= RECORDED INFORMATION =
_ _ _ _
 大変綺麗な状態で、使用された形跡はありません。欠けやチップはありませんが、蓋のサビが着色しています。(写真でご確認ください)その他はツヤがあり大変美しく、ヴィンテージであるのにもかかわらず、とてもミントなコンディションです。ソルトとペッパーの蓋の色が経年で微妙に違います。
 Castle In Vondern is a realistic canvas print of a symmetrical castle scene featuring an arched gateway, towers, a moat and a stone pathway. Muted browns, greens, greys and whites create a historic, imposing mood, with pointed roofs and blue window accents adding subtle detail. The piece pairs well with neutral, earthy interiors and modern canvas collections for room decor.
_ _ _ _
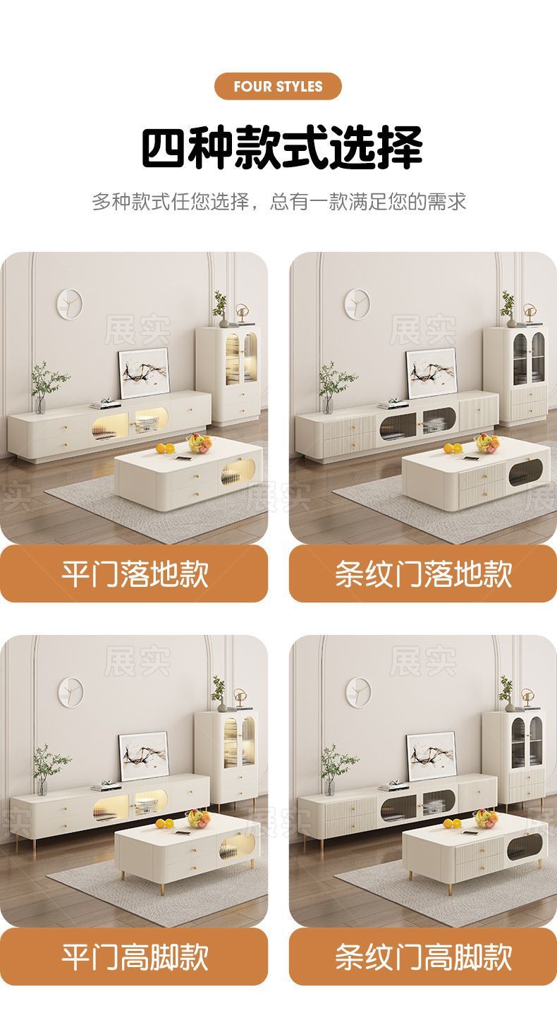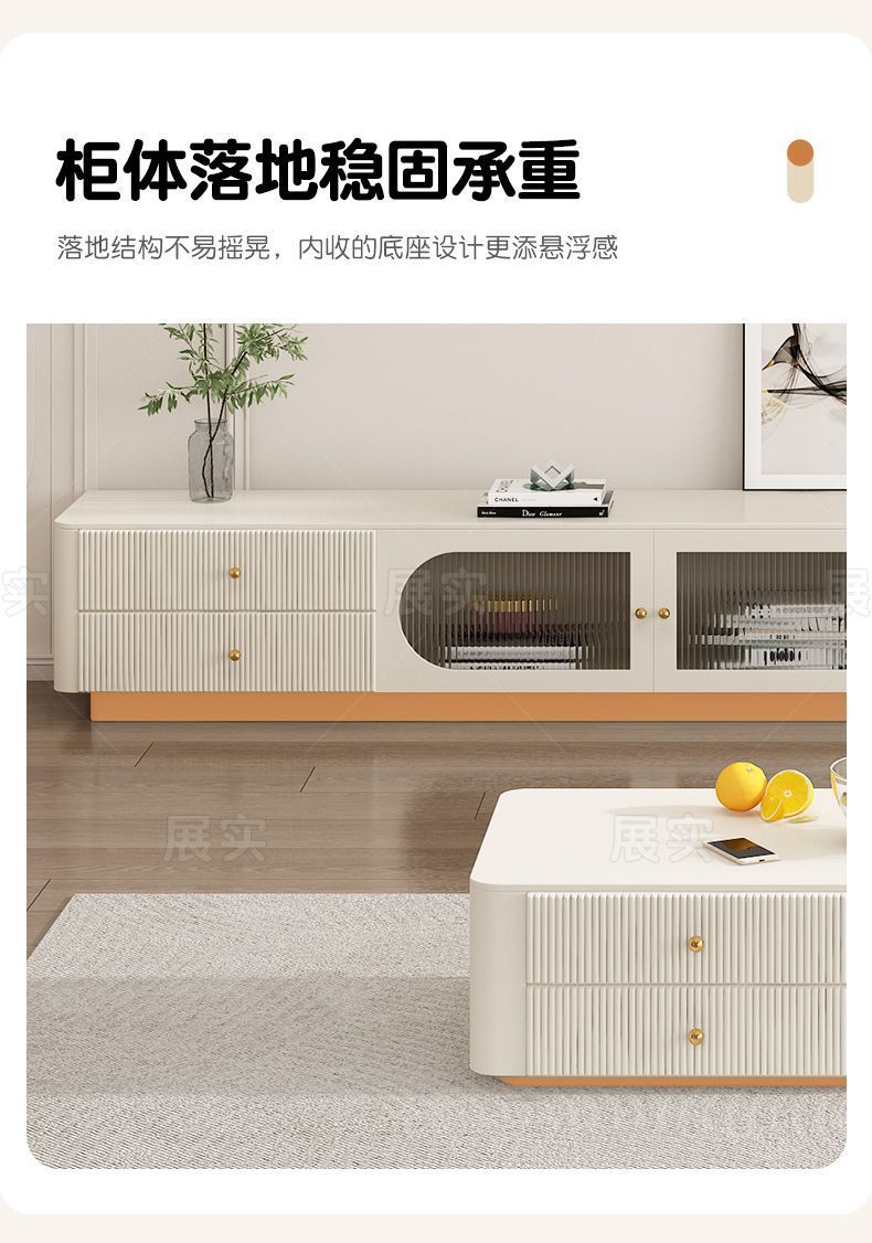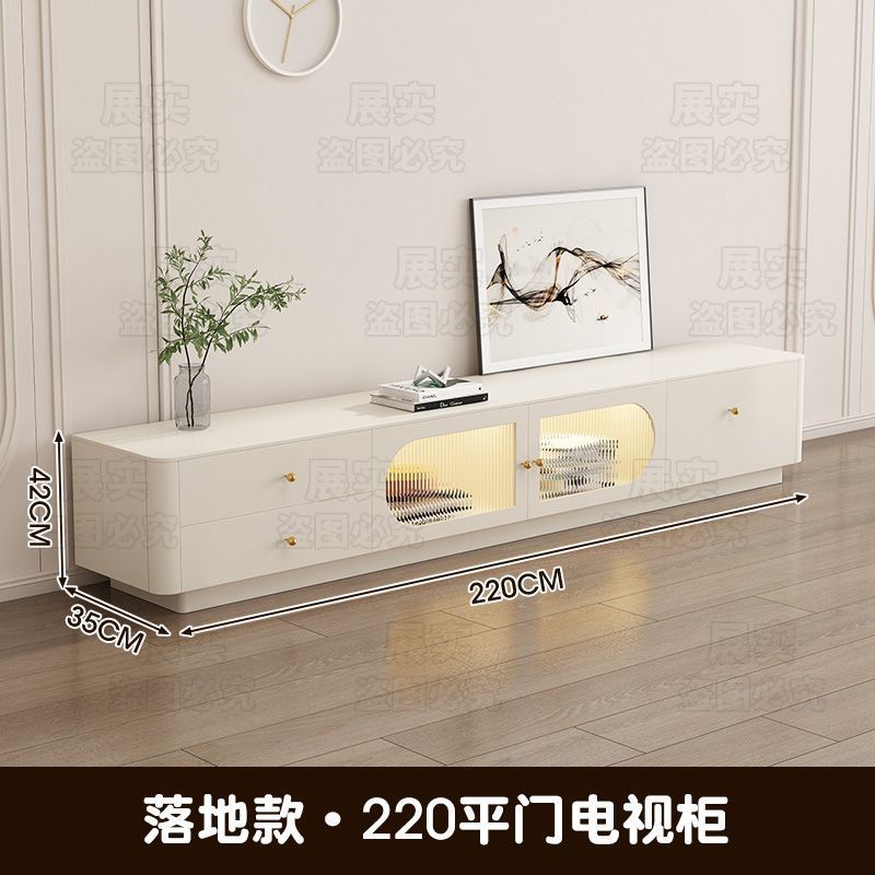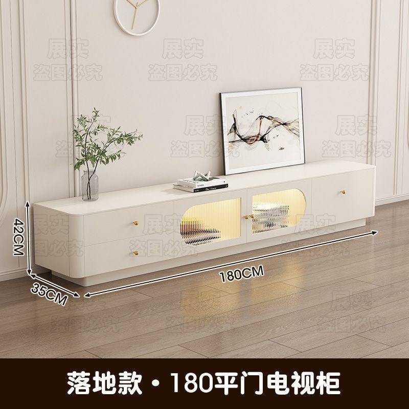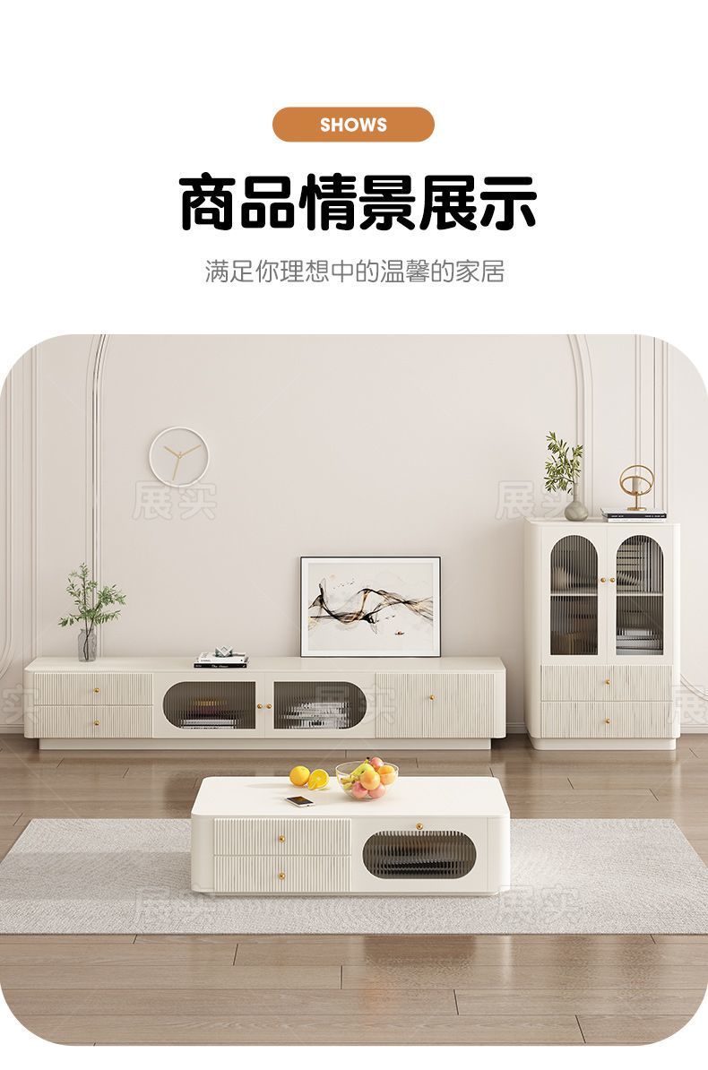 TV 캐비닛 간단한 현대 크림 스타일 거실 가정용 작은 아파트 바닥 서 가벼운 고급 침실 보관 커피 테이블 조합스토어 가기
_ _ _ _
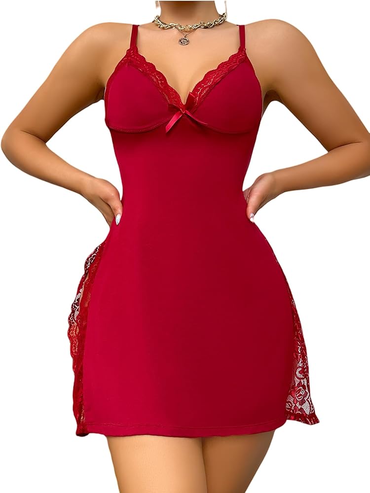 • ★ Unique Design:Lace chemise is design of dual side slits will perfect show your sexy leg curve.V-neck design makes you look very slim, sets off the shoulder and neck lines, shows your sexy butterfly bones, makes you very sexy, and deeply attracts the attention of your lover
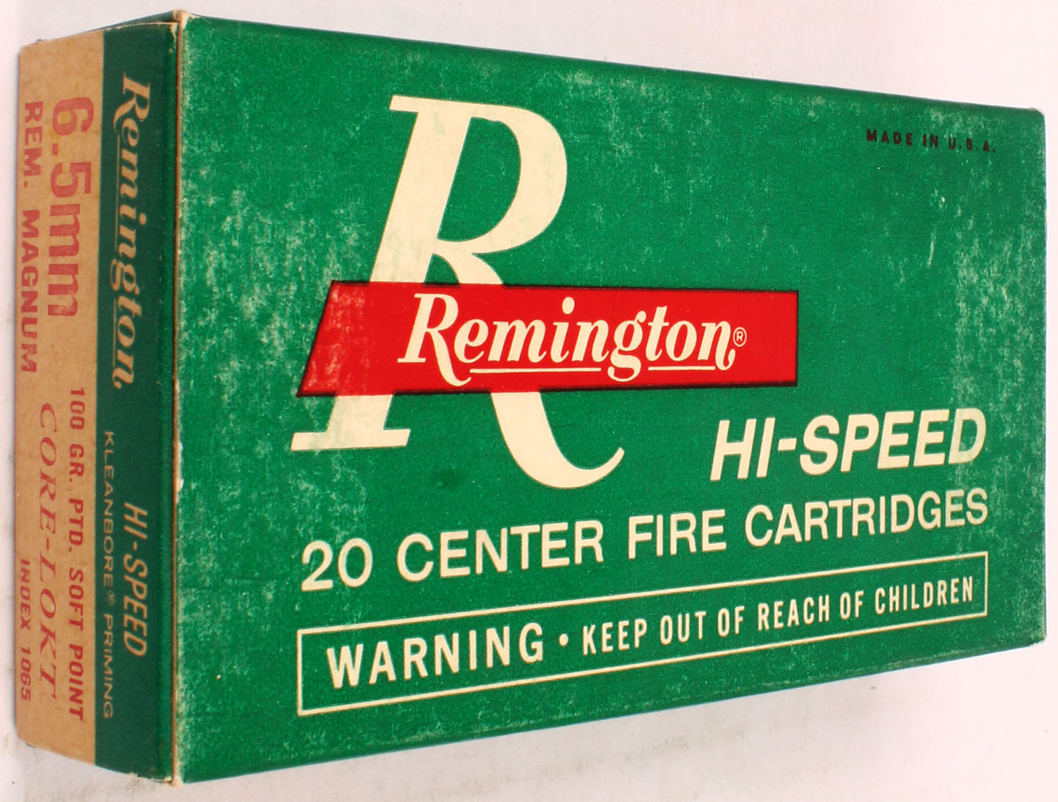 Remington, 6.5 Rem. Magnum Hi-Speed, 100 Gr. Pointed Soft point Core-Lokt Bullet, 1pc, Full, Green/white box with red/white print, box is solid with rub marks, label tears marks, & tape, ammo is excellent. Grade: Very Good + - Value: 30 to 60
_ _ _ _
= PROBLEM DESCRIPTION =
Output exactly one stretch of the listing: from the line containing "大変綺麗な状態で、使用された" through the line containing "Castle In Vondern", both end lines included.

= SOLUTION FOR THIS PROBLEM =
 大変綺麗な状態で、使用された形跡はありません。欠けやチップはありませんが、蓋のサビが着色しています。(写真でご確認ください)その他はツヤがあり大変美しく、ヴィンテージであるのにもかかわらず、とてもミントなコンディションです。ソルトとペッパーの蓋の色が経年で微妙に違います。
 Castle In Vondern is a realistic canvas print of a symmetrical castle scene featuring an arched gateway, towers, a moat and a stone pathway. Muted browns, greens, greys and whites create a historic, imposing mood, with pointed roofs and blue window accents adding subtle detail. The piece pairs well with neutral, earthy interiors and modern canvas collections for room decor.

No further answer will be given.